BlackRock profit jumps 21% on fixed-income boost

BlackRock Inc’s results topped Wall Street estimates on Friday, helped by investors flocking to the world’s largest asset manager’s bond funds in the second quarter as global financial markets rebounded strongly from a COVID-sparked brutal selloff in March.

BlackRock ended the quarter with $7.32 trillion in assets under management, up from $6.84 trillion a year earlier. 

The S&P 500 .SPX rose 20% in the second quarter after falling by that amount in the first three months of 2020 as the coronavirus pandemic slammed the economy. 

“We had more conversations with our clients in the last six months than we have probably had in aggregate in years,” Chief Executive Larry Fink said in an interview. 

“Clients are looking to BlackRock more than ever before.” 

BlackRock reported a 21% jump in quarterly profit as investors poured money into its fixed-income funds and cash management services. 

The New York-based company's net income rose to $1.21 billion, or $7.85 per share. Analysts had expected a profit of $6.99 per share, according to IBES data from Refinitiv. (bit.ly/2ZEPkNv

The asset manager’s fixed-income funds took in $60.27 billion in new money. Its cash-management business attracted $24.2 billion in net inflows in the second quarter. 

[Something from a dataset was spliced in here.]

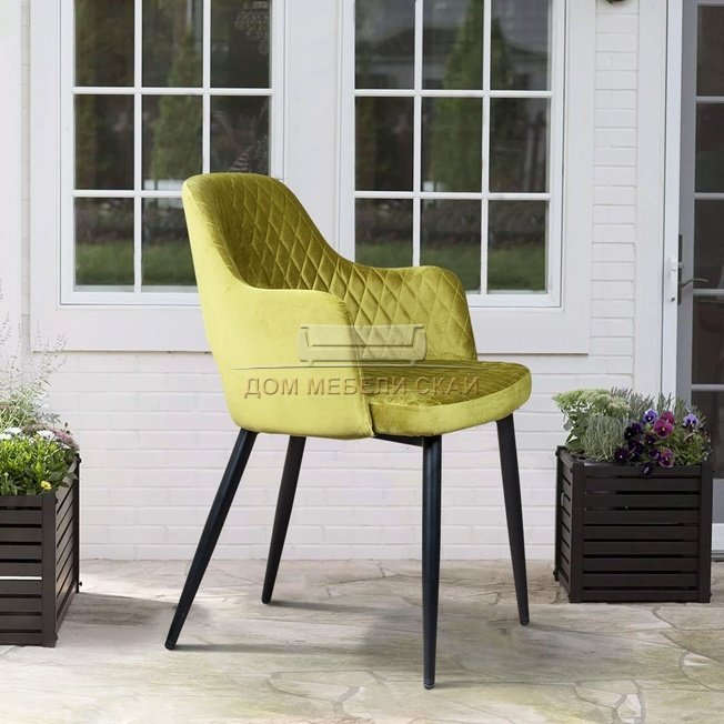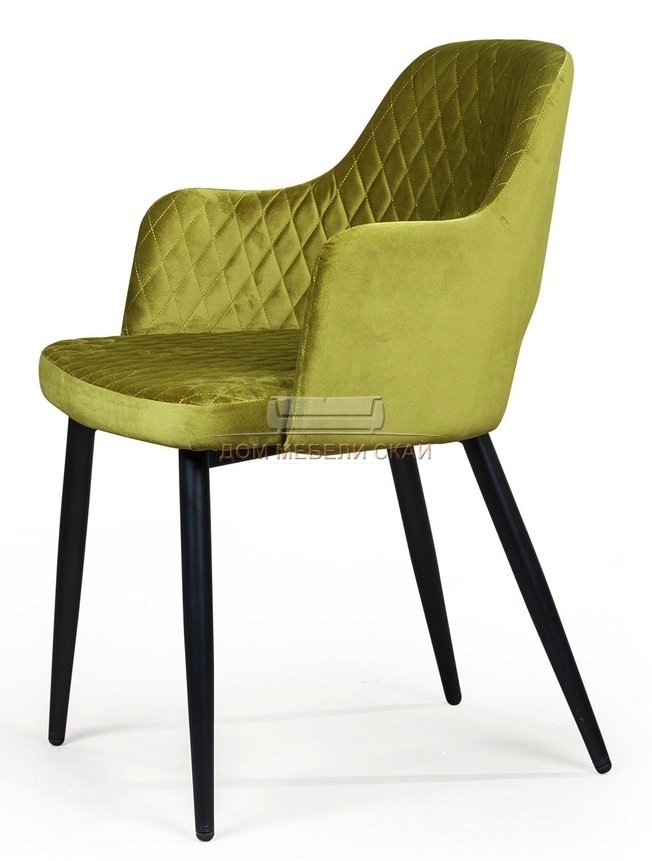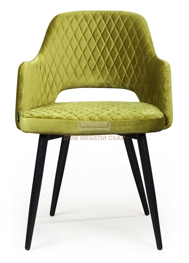 Стул с подлокотниками William, бархат оливково-зеленого цвета/ромб
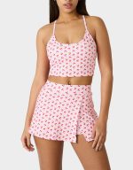 Cute cherry gingham print meets sporty style in this racerback top. The relaxed fit and breathable fabric make it ideal for workouts, weekend errands, or cozy nights in. Layer it or wear it solo—this versatile piece transitions seamlessly from gym to brunch. Perfect for anyone who refuses to choose between comfort and looking fabulous.

“Improved investor sentiment led to robust asset gathering,” said Kyle Sanders, an analyst with St. Louis-based financial services firm Edward Jones. 

“We were most encouraged by the sharp rebound in asset flows, as we believe sustained flow growth above industry peers is a key driver for the stock,” he said. 

The asset manager’s technology business, a key area of growth for the firm, reported a 17% rise in revenue. 

BlackRock’s financial markets advisory unit, which manages the U.S. Federal Reserve’s bond-buying program, generated $39 million in revenue, down from $53 million for the same quarter a year ago. 

BlackRock shares, up about 13% for the year, were about 1% higher in early trading Friday.